4  Large Language Model (LLM)

The emergence of Large Language Models (LLMs), such as ChatGPT, has transformed the way researchers engage with text-based data. While these models were initially designed for conversational AI, their applications in social science research extend far beyond that. When used effectively, LLMs can serve as a research assistant for tasks like data preprocessing, content classification, and even hypothesis generation.

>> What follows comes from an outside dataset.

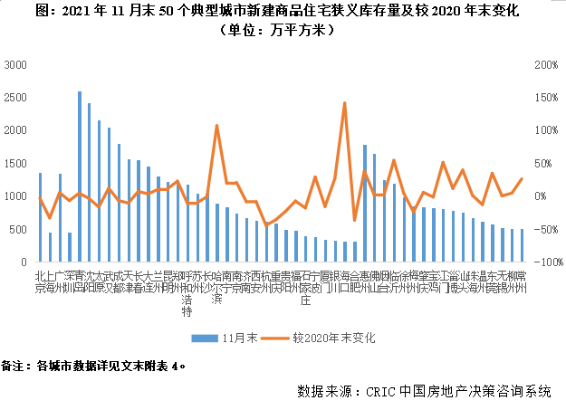 2020年整體的庫(kù)存變化延續(xù)了波動(dòng)上行趨勢(shì),1月跳增后,2-8月持穩(wěn),四季度以來(lái)伴隨供求轉(zhuǎn)淡,庫(kù)存量穩(wěn)步上升,截至到11月末CRIC監(jiān)測(cè)的100個(gè)重點(diǎn)城市庫(kù)存量達(dá)到了6.1億平方米,較2020年末上升了2%,不同城市漲跌參半,百城中有18個(gè)庫(kù)存消化周期高于24個(gè)月,大部分為缺乏基本面支撐的三四線城市,庫(kù)存風(fēng)險(xiǎn)浮出水面。

4.1 Applications in Social Science Research

  • Text Analysis and Content Classification

    • LLMs can assist in automated text coding, reducing the time needed for manual classification of large-scale datasets.
    • Example: Instead of manually labeling social media data, an LLM can be fine-tuned or prompted to identify incivility or political polarization in tweets.
  • Expanding Computational Approaches

    • Traditional text analysis methods, such as Naïve Bayes or LDA, rely on structured word counts and frequency distributions.
    • LLMs, in contrast, can provide context-aware embeddings, improving sentiment analysis and discourse analysis in complex, nuanced datasets.
  • Studying Digital Political Behavior

    • LLMs are particularly useful for analyzing how political actors engage online—whether through social movements, state repression, or digital incivility.
    • Example: A model can be used to detect gendered harassment or anti-government discourse in protest-related conversations, helping map how activists and political elites interact online.
  • Enhancing Research Replicability

    • By integrating LLMs into computational workflows, researchers can ensure that their data coding and text classification processes remain consistent and replicable.
    • Example: Instead of subjective manual annotation, LLMs can be used to create structured, reproducible content analysis pipelines.
  • Ethical Considerations and Limitations

    • While LLMs offer efficiency, researchers must be critical of biases embedded in these models, especially when analyzing political discourse, misinformation, or contentious movements.
    • Transparency in LLM-assisted research is crucial—documenting AI’s role in research workflows is now an essential part of academic integrity.

Rather than replacing established computational social science methods, LLMs serve as a complementary tool that can enhance efficiency, scalability, and analytical depth. Their power lies in assisting with complex text-based tasks, but researchers must remain critical users, ensuring methodological rigor and ethical responsibility in their application.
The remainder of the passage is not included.